◆ Exercise brief
Write out the entries exactly, leaving out every picture.

[Recorded data]
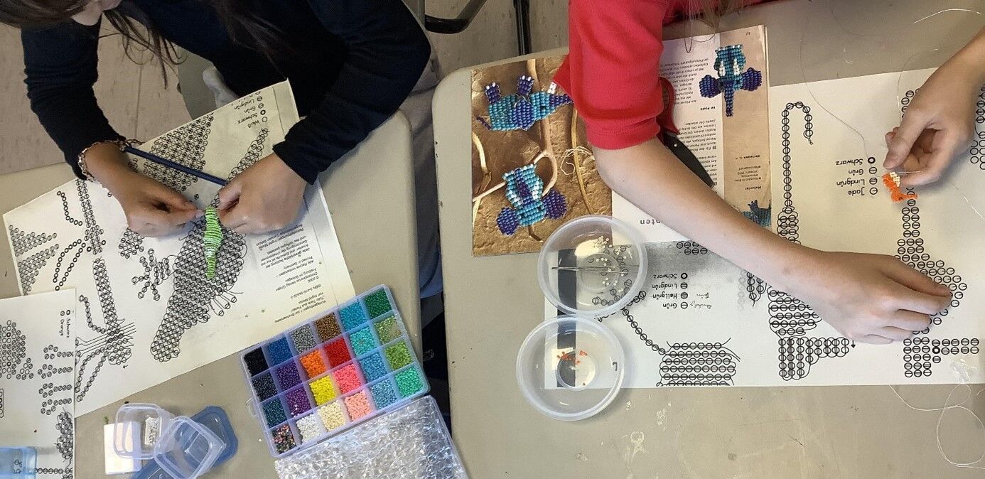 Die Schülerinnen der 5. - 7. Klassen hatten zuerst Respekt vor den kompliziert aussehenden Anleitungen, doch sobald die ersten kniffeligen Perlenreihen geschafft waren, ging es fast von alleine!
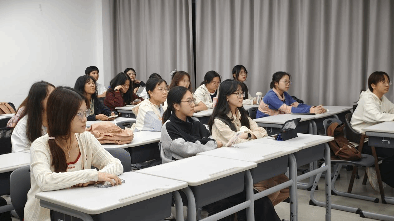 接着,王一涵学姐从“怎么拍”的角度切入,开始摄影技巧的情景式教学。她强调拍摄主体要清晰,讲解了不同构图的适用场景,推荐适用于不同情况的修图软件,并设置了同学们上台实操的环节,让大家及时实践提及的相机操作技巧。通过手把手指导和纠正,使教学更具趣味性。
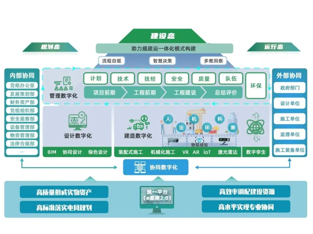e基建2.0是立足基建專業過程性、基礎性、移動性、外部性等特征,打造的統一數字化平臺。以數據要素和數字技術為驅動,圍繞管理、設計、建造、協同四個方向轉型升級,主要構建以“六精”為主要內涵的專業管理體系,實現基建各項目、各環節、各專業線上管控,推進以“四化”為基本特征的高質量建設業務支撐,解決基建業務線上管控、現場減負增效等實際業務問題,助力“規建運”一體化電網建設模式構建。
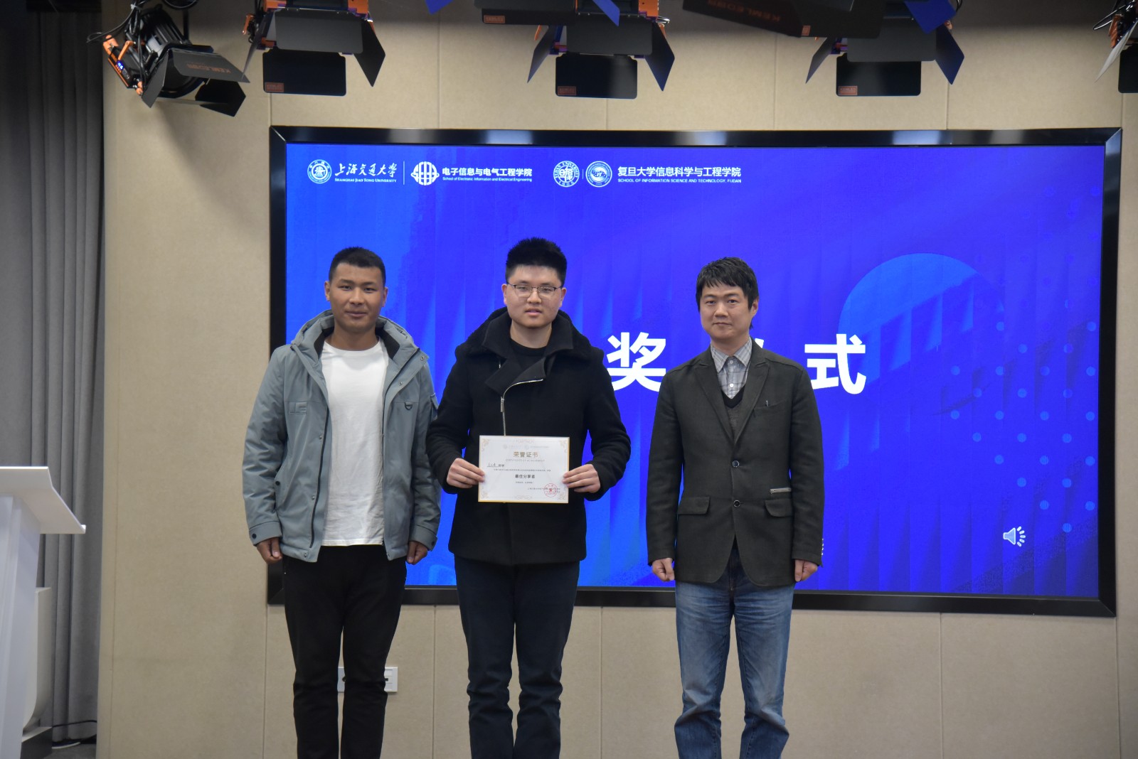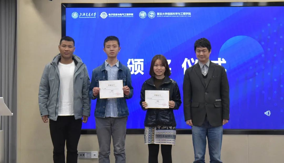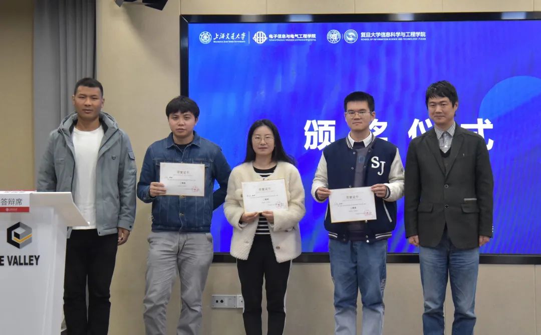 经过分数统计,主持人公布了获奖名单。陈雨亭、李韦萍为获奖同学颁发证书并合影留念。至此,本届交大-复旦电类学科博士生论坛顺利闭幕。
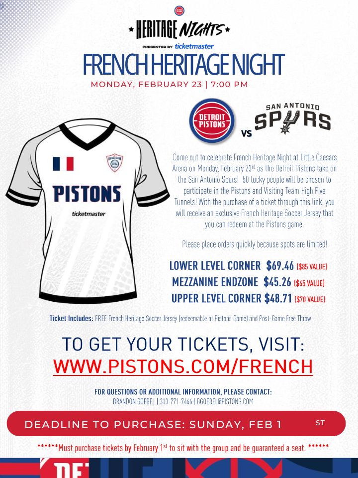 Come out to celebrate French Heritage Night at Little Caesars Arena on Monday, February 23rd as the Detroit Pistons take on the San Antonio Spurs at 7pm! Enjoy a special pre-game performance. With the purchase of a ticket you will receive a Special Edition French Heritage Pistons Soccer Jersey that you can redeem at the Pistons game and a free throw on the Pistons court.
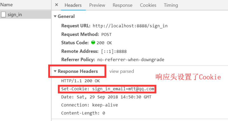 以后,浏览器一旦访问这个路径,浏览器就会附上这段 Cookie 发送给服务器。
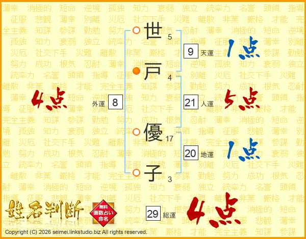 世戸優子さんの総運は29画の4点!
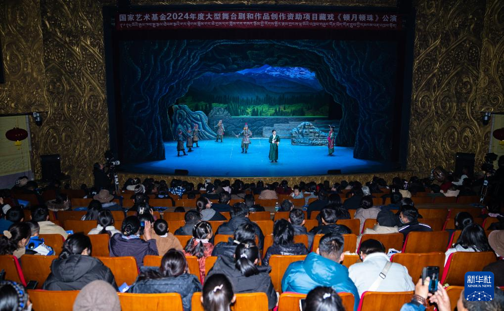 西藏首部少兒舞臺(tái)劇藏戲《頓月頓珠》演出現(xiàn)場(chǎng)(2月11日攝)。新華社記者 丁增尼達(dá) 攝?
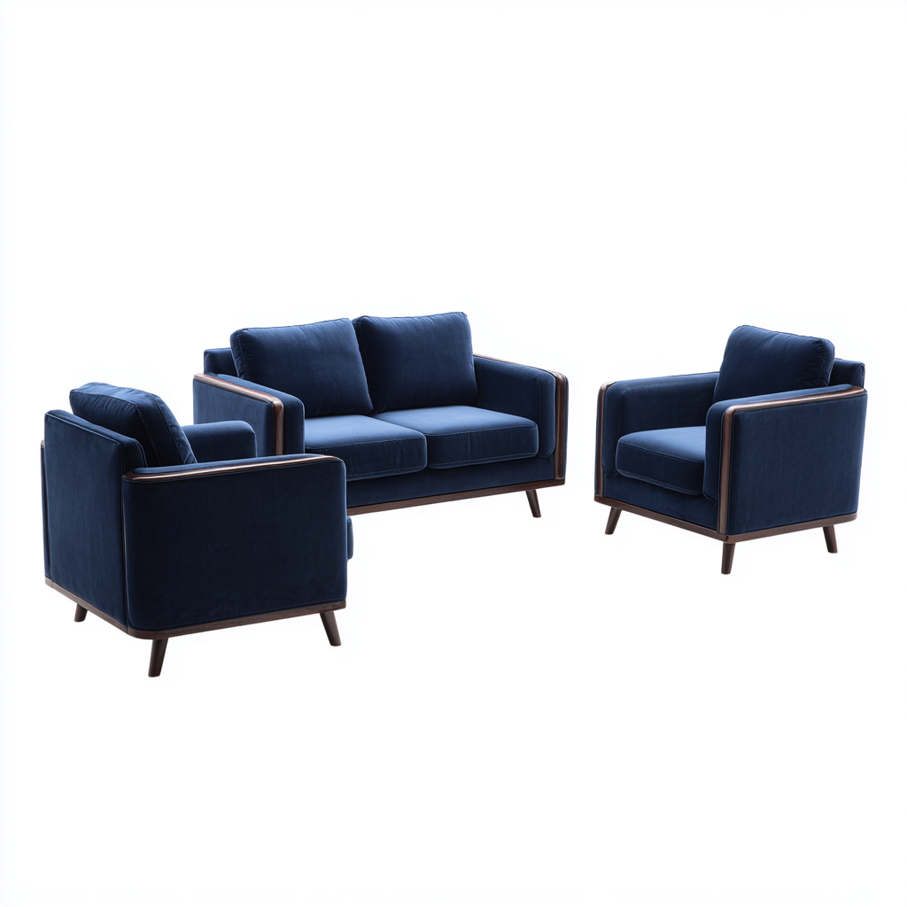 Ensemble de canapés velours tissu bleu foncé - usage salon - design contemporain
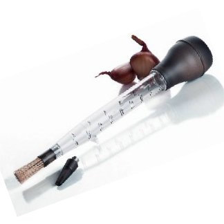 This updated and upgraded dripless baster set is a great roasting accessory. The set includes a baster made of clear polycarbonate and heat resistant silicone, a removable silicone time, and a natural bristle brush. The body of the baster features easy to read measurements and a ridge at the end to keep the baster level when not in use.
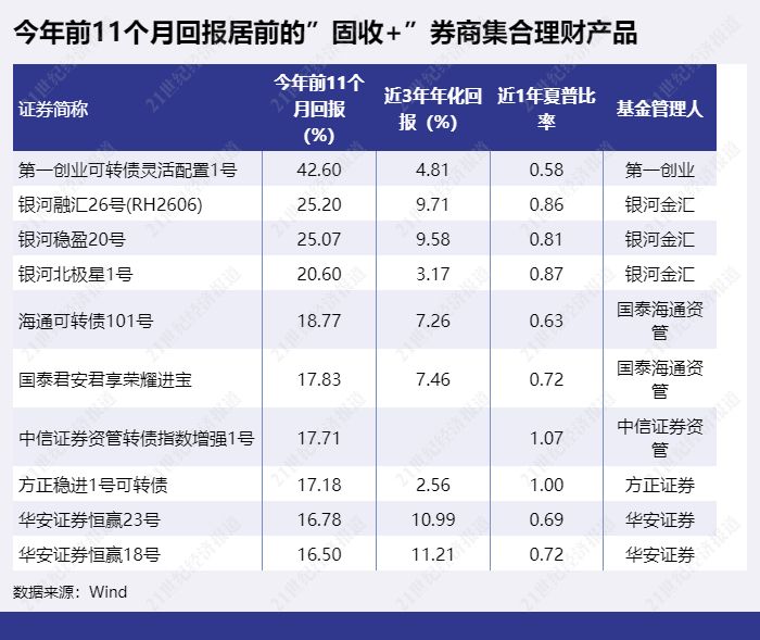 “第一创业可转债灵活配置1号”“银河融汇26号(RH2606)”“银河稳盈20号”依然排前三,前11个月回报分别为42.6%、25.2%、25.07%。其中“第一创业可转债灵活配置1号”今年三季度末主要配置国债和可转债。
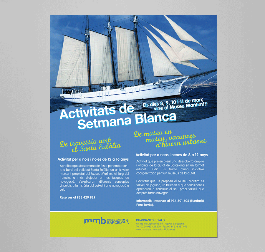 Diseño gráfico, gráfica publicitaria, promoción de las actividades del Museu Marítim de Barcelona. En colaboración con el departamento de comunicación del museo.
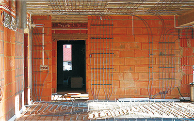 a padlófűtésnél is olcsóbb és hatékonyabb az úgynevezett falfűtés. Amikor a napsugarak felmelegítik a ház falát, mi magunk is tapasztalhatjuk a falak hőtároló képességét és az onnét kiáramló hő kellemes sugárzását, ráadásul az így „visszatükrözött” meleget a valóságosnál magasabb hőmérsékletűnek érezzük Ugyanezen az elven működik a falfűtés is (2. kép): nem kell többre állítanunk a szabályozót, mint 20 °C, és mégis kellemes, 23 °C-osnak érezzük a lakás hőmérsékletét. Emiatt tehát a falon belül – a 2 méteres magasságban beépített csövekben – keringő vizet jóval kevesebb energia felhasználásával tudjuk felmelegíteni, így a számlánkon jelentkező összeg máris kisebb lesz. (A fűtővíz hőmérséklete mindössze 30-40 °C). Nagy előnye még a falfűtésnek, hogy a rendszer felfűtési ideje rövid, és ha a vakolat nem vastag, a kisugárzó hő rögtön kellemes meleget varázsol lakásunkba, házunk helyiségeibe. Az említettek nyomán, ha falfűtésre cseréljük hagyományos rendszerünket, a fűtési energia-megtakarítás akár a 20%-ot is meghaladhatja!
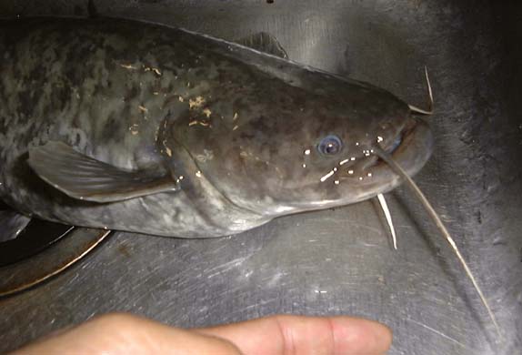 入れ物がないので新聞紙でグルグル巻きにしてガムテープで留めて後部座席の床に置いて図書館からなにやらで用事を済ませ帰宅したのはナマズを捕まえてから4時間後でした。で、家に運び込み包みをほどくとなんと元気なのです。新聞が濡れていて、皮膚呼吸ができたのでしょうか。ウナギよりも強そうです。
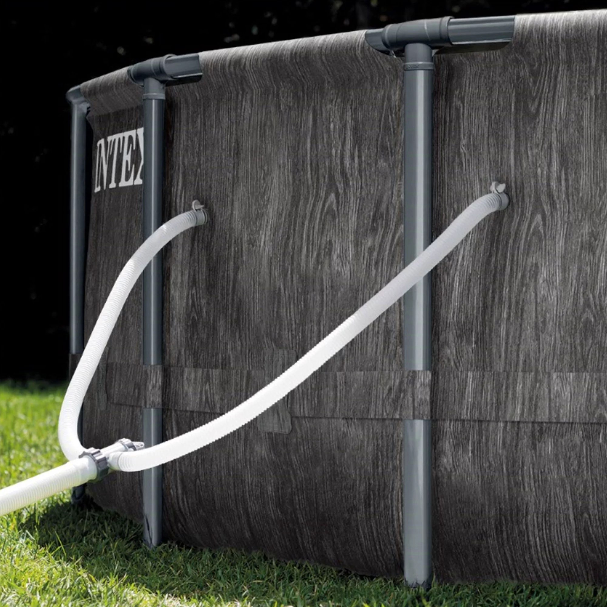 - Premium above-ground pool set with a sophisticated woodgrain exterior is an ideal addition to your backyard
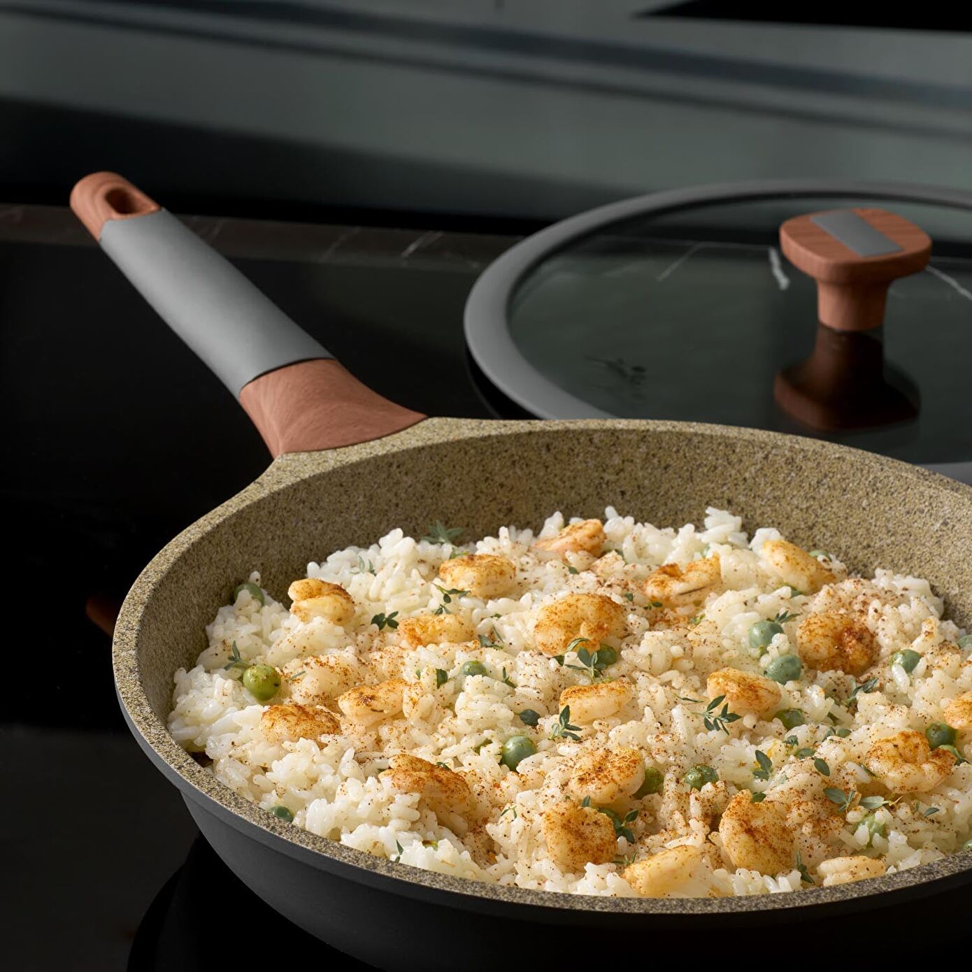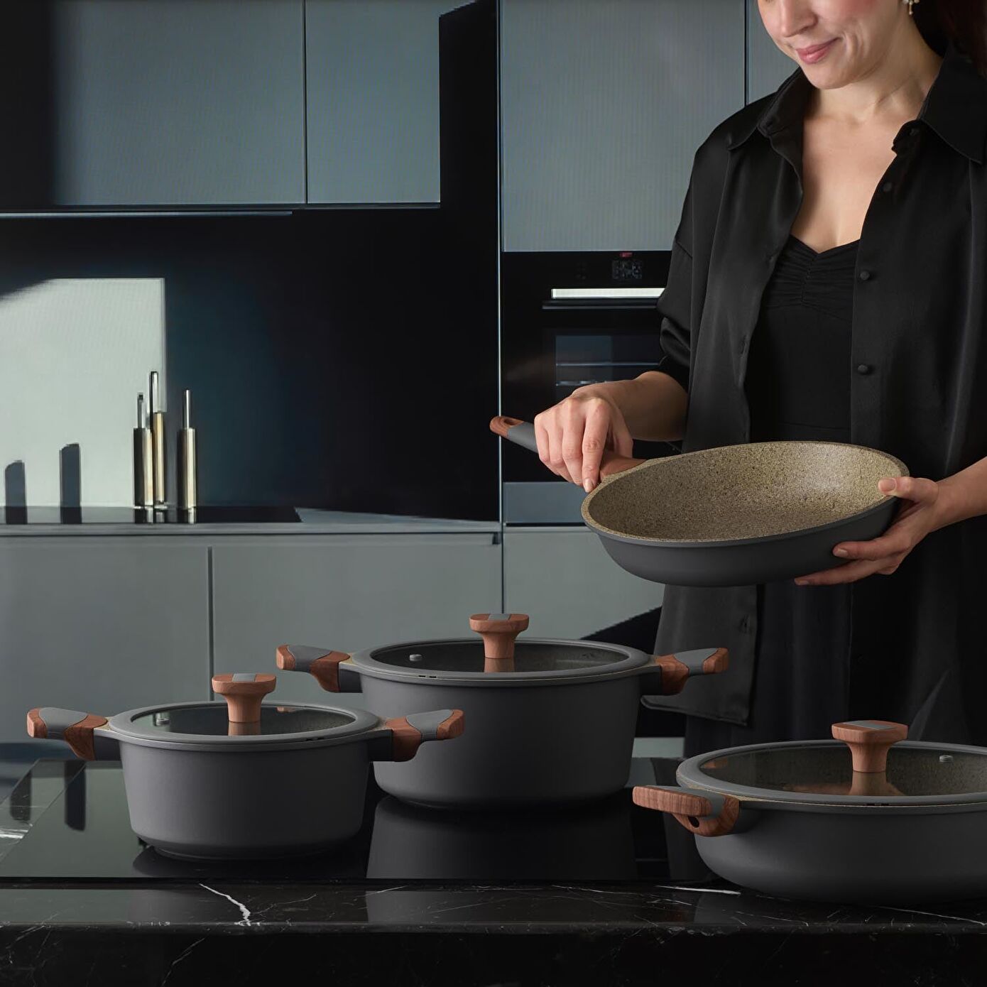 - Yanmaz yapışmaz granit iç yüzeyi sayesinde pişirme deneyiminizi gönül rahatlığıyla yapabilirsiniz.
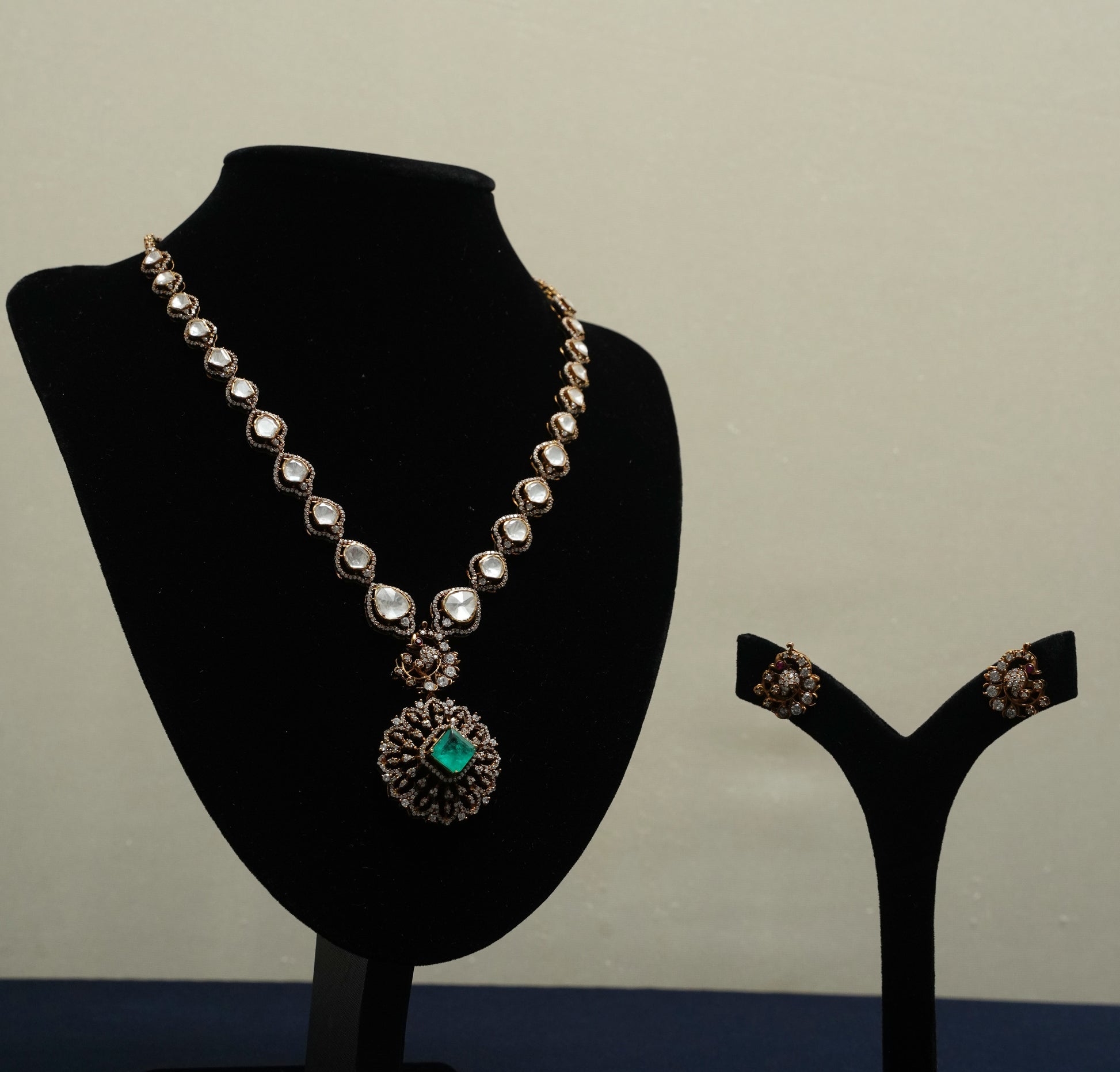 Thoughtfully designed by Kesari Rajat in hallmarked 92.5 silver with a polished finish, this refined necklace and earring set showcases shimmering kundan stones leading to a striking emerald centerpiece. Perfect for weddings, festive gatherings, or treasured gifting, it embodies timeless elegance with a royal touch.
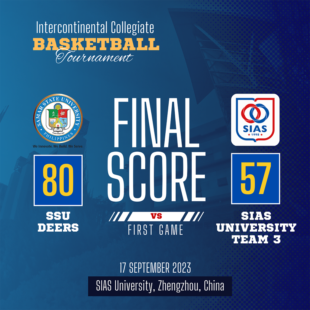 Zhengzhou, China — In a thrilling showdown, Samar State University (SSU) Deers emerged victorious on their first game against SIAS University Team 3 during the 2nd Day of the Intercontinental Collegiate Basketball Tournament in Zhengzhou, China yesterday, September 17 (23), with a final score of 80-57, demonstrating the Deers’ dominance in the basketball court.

◆ Task solution
 Die Schülerinnen der 5. - 7. Klassen hatten zuerst Respekt vor den kompliziert aussehenden Anleitungen, doch sobald die ersten kniffeligen Perlenreihen geschafft waren, ging es fast von alleine!
 接着,王一涵学姐从“怎么拍”的角度切入,开始摄影技巧的情景式教学。她强调拍摄主体要清晰,讲解了不同构图的适用场景,推荐适用于不同情况的修图软件,并设置了同学们上台实操的环节,让大家及时实践提及的相机操作技巧。通过手把手指导和纠正,使教学更具趣味性。
e基建2.0是立足基建專業過程性、基礎性、移動性、外部性等特征,打造的統一數字化平臺。以數據要素和數字技術為驅動,圍繞管理、設計、建造、協同四個方向轉型升級,主要構建以“六精”為主要內涵的專業管理體系,實現基建各項目、各環節、各專業線上管控,推進以“四化”為基本特征的高質量建設業務支撐,解決基建業務線上管控、現場減負增效等實際業務問題,助力“規建運”一體化電網建設模式構建。
 经过分数统计,主持人公布了获奖名单。陈雨亭、李韦萍为获奖同学颁发证书并合影留念。至此,本届交大-复旦电类学科博士生论坛顺利闭幕。
 Come out to celebrate French Heritage Night at Little Caesars Arena on Monday, February 23rd as the Detroit Pistons take on the San Antonio Spurs at 7pm! Enjoy a special pre-game performance. With the purchase of a ticket you will receive a Special Edition French Heritage Pistons Soccer Jersey that you can redeem at the Pistons game and a free throw on the Pistons court.
 以后,浏览器一旦访问这个路径,浏览器就会附上这段 Cookie 发送给服务器。
 世戸優子さんの総運は29画の4点!
 西藏首部少兒舞臺(tái)劇藏戲《頓月頓珠》演出現(xiàn)場(chǎng)(2月11日攝)。新華社記者 丁增尼達(dá) 攝?
 Ensemble de canapés velours tissu bleu foncé - usage salon - design contemporain
 This updated and upgraded dripless baster set is a great roasting accessory. The set includes a baster made of clear polycarbonate and heat resistant silicone, a removable silicone time, and a natural bristle brush. The body of the baster features easy to read measurements and a ridge at the end to keep the baster level when not in use.
 “第一创业可转债灵活配置1号”“银河融汇26号(RH2606)”“银河稳盈20号”依然排前三,前11个月回报分别为42.6%、25.2%、25.07%。其中“第一创业可转债灵活配置1号”今年三季度末主要配置国债和可转债。
 Diseño gráfico, gráfica publicitaria, promoción de las actividades del Museu Marítim de Barcelona. En colaboración con el departamento de comunicación del museo.
 a padlófűtésnél is olcsóbb és hatékonyabb az úgynevezett falfűtés. Amikor a napsugarak felmelegítik a ház falát, mi magunk is tapasztalhatjuk a falak hőtároló képességét és az onnét kiáramló hő kellemes sugárzását, ráadásul az így „visszatükrözött” meleget a valóságosnál magasabb hőmérsékletűnek érezzük Ugyanezen az elven működik a falfűtés is (2. kép): nem kell többre állítanunk a szabályozót, mint 20 °C, és mégis kellemes, 23 °C-osnak érezzük a lakás hőmérsékletét. Emiatt tehát a falon belül – a 2 méteres magasságban beépített csövekben – keringő vizet jóval kevesebb energia felhasználásával tudjuk felmelegíteni, így a számlánkon jelentkező összeg máris kisebb lesz. (A fűtővíz hőmérséklete mindössze 30-40 °C). Nagy előnye még a falfűtésnek, hogy a rendszer felfűtési ideje rövid, és ha a vakolat nem vastag, a kisugárzó hő rögtön kellemes meleget varázsol lakásunkba, házunk helyiségeibe. Az említettek nyomán, ha falfűtésre cseréljük hagyományos rendszerünket, a fűtési energia-megtakarítás akár a 20%-ot is meghaladhatja!
 入れ物がないので新聞紙でグルグル巻きにしてガムテープで留めて後部座席の床に置いて図書館からなにやらで用事を済ませ帰宅したのはナマズを捕まえてから4時間後でした。で、家に運び込み包みをほどくとなんと元気なのです。新聞が濡れていて、皮膚呼吸ができたのでしょうか。ウナギよりも強そうです。
 - Premium above-ground pool set with a sophisticated woodgrain exterior is an ideal addition to your backyard
 - Yanmaz yapışmaz granit iç yüzeyi sayesinde pişirme deneyiminizi gönül rahatlığıyla yapabilirsiniz.
 Thoughtfully designed by Kesari Rajat in hallmarked 92.5 silver with a polished finish, this refined necklace and earring set showcases shimmering kundan stones leading to a striking emerald centerpiece. Perfect for weddings, festive gatherings, or treasured gifting, it embodies timeless elegance with a royal touch.
 Zhengzhou, China — In a thrilling showdown, Samar State University (SSU) Deers emerged victorious on their first game against SIAS University Team 3 during the 2nd Day of the Intercontinental Collegiate Basketball Tournament in Zhengzhou, China yesterday, September 17 (23), with a final score of 80-57, demonstrating the Deers’ dominance in the basketball court.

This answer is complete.